> **WHAT IS REQUIRED**
From the line containing "Crustáceo marino, comúnmente" to the last line of the data below, copy everything exactly and nothing else; pictures stay out.

> **RECORDED INFORMATION**
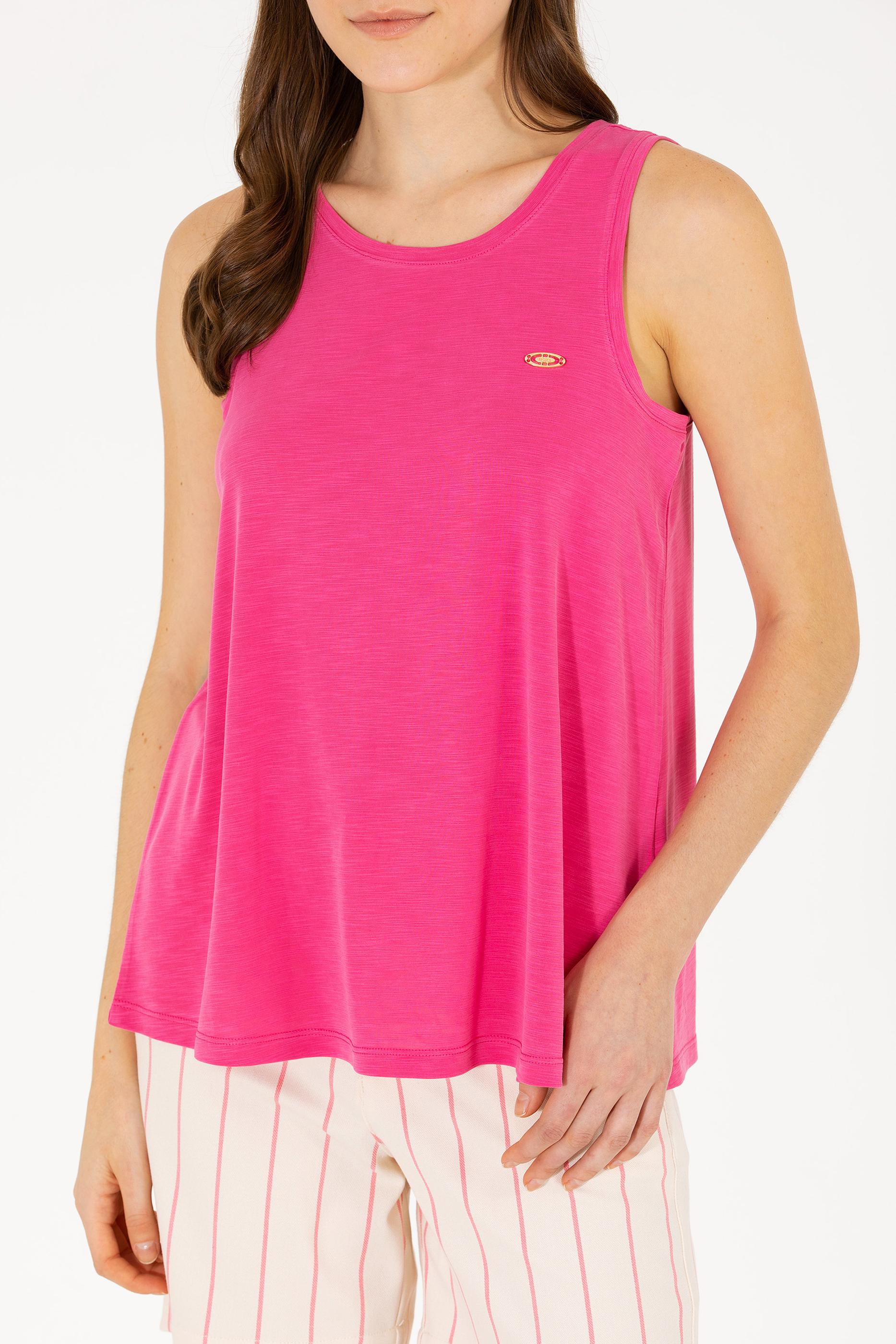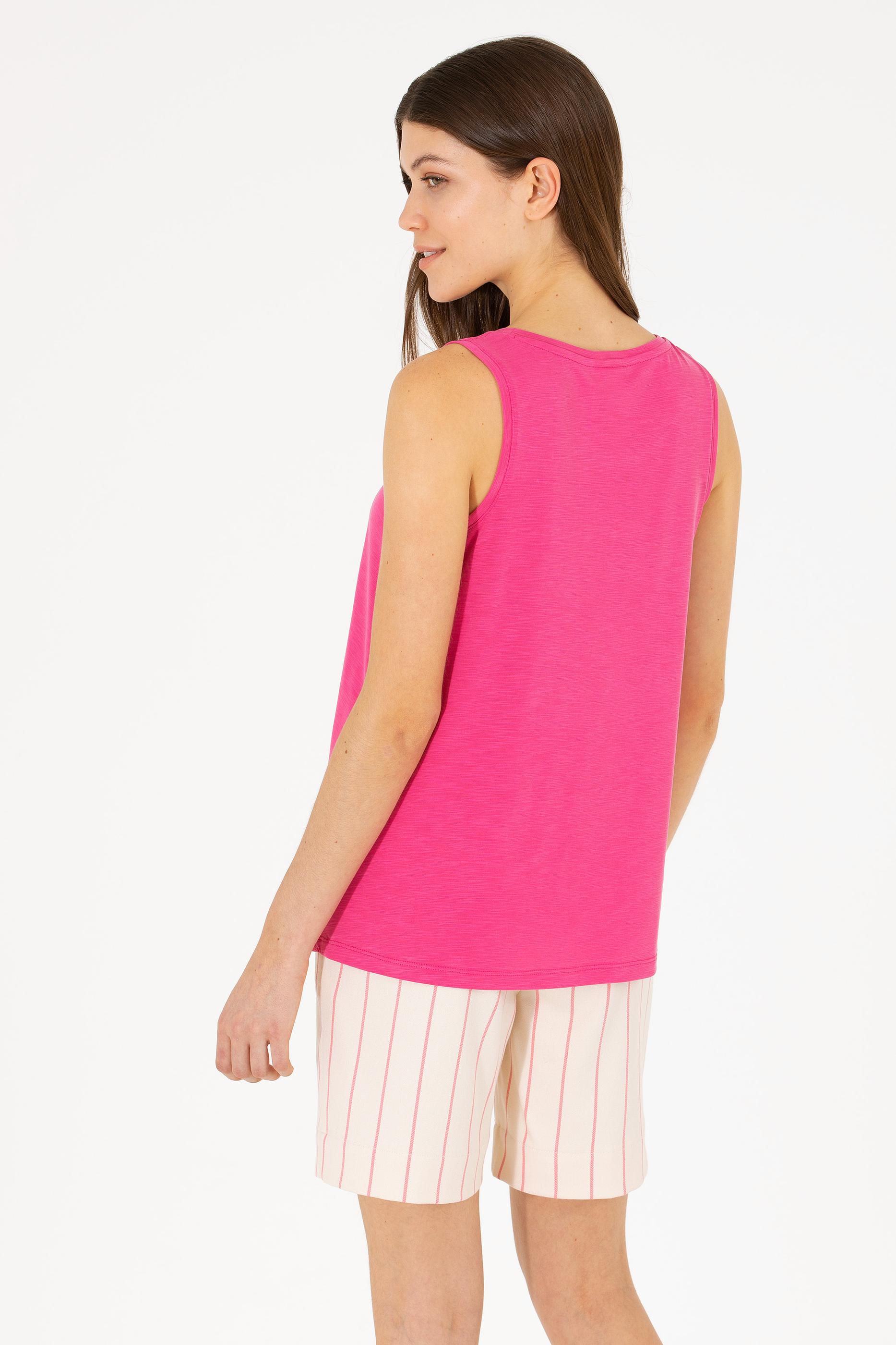 Kadın Fuşya Bisiklet Yaka Kolsuz Tişört
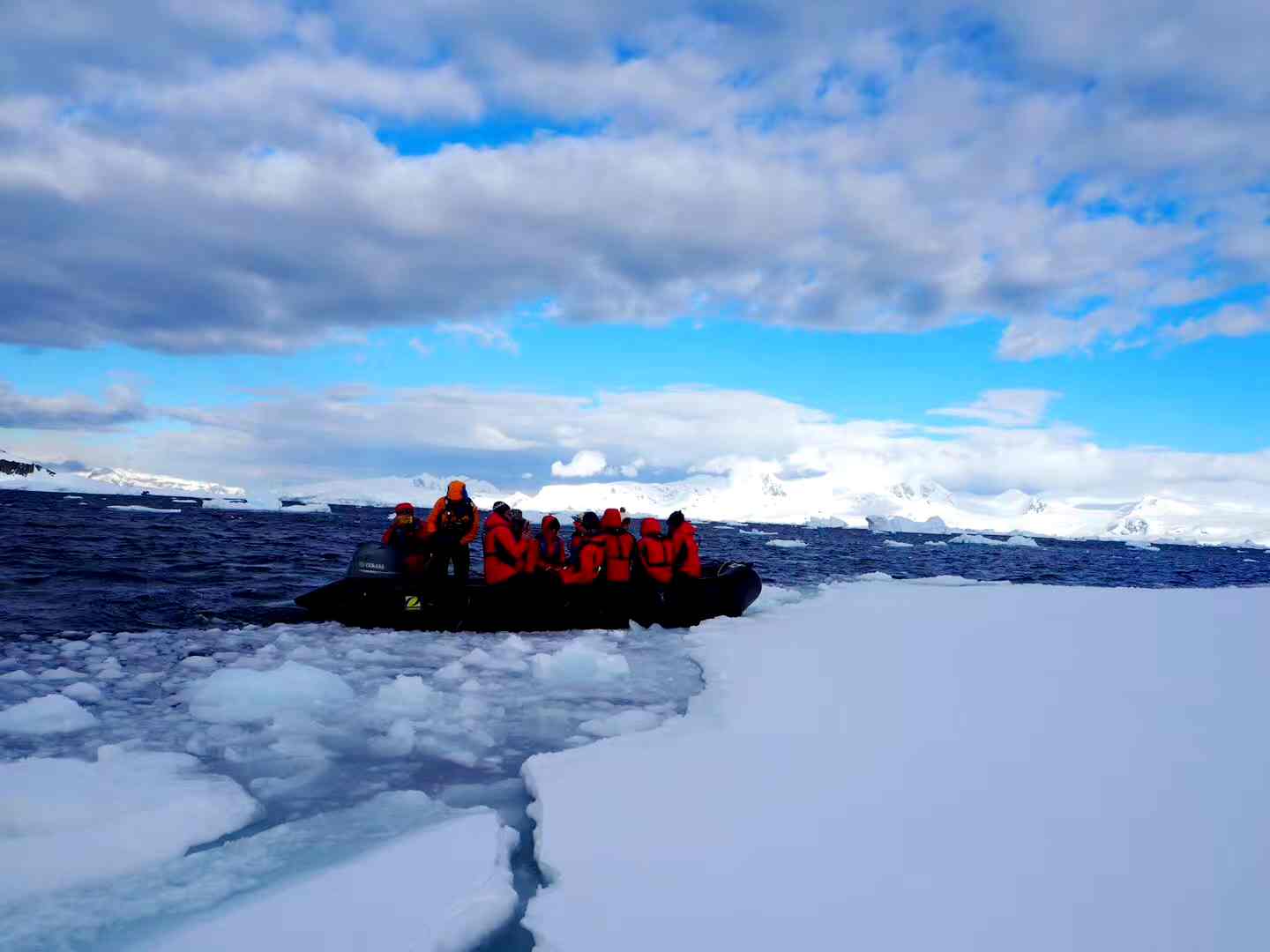乘坐沖鋒艇巡游南極奮進(jìn)島
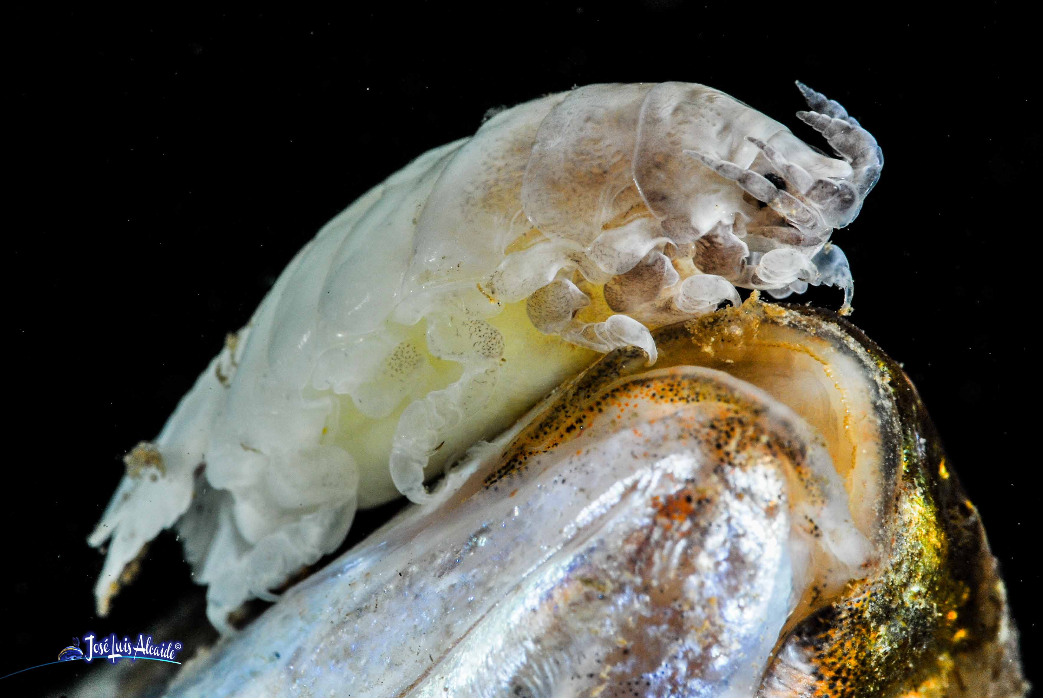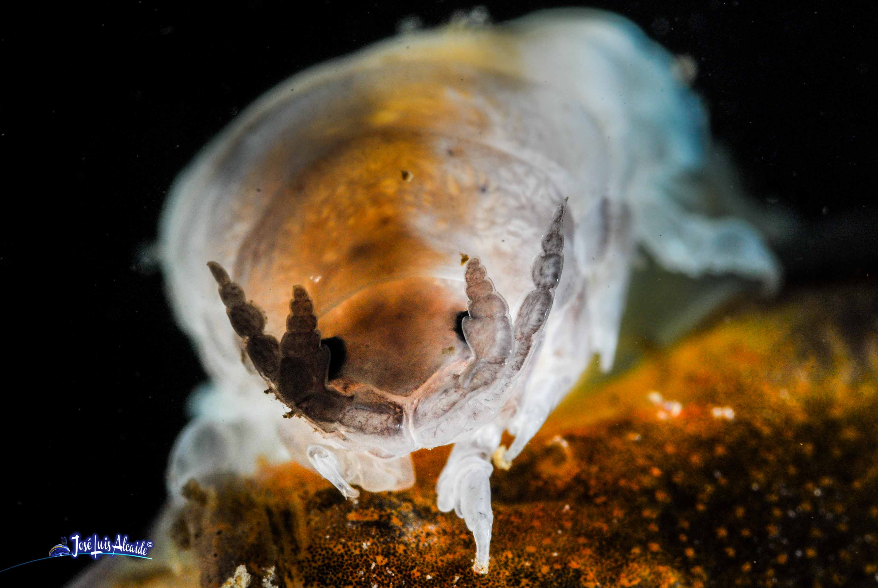 Crustáceo marino, comúnmente llamado piojo de mar, con su cuerpo segmentado con placas claramente diferenciadas de forma aplanada, formando entre ellas una coraza, muy similar a las cochinillas de tierra (bichos bola) Armadillidium vulgare, que curiosamente estos son el único crustáceo que vive en tierra firme y son más que parientes.
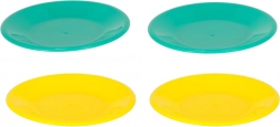 - 4× bord, bestek (3× mes, 1× vork, 1× lepel), 2× dienblad, eten (pizza, kip, paprika, vlees, tomaat, meloen, toasts, pompoen, ijsje, frietjes, champignon, eitje, broccoli), mandje met handgrepen

> **REPLY TO THE EXERCISE**
 Crustáceo marino, comúnmente llamado piojo de mar, con su cuerpo segmentado con placas claramente diferenciadas de forma aplanada, formando entre ellas una coraza, muy similar a las cochinillas de tierra (bichos bola) Armadillidium vulgare, que curiosamente estos son el único crustáceo que vive en tierra firme y son más que parientes.
 - 4× bord, bestek (3× mes, 1× vork, 1× lepel), 2× dienblad, eten (pizza, kip, paprika, vlees, tomaat, meloen, toasts, pompoen, ijsje, frietjes, champignon, eitje, broccoli), mandje met handgrepen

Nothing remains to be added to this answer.